Before copying, find the line below that contains "공연과 체험형 독서프로그램은"; then return it and all later lines exactly, up to and including the final line, with no pictures.
■ ■ ■ ■ ■
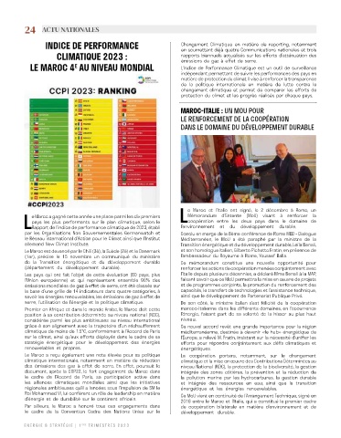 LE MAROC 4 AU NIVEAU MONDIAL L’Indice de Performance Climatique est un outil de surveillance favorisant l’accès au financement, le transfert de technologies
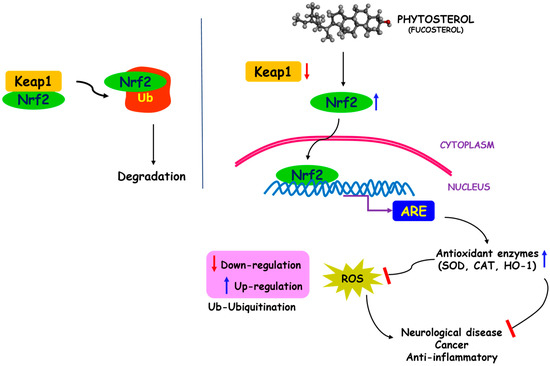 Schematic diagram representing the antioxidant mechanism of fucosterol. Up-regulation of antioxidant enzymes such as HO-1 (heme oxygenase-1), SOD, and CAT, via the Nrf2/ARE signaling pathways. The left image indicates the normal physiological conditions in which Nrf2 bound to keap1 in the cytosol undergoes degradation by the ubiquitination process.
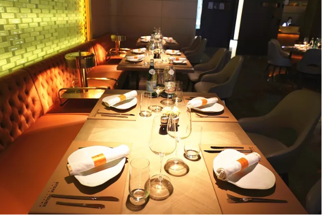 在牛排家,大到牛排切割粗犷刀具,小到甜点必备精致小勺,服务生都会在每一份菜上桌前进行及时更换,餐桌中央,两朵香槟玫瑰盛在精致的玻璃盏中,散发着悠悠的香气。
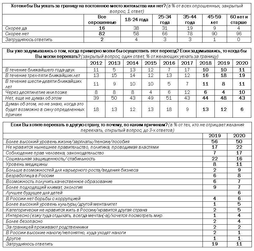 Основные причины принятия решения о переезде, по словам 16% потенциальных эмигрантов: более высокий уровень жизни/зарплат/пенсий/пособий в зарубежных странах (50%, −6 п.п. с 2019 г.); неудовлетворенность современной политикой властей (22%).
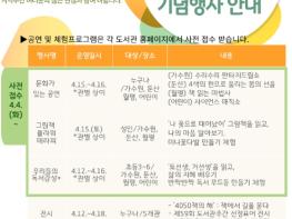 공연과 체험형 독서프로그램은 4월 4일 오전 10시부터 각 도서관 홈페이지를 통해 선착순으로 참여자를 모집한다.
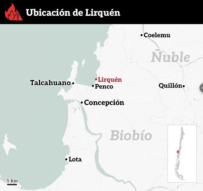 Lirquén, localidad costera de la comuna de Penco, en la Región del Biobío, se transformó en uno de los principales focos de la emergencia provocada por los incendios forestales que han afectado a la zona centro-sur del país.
■ ■ ■ ■ ■
■ Answer
 공연과 체험형 독서프로그램은 4월 4일 오전 10시부터 각 도서관 홈페이지를 통해 선착순으로 참여자를 모집한다.
 Lirquén, localidad costera de la comuna de Penco, en la Región del Biobío, se transformó en uno de los principales focos de la emergencia provocada por los incendios forestales que han afectado a la zona centro-sur del país.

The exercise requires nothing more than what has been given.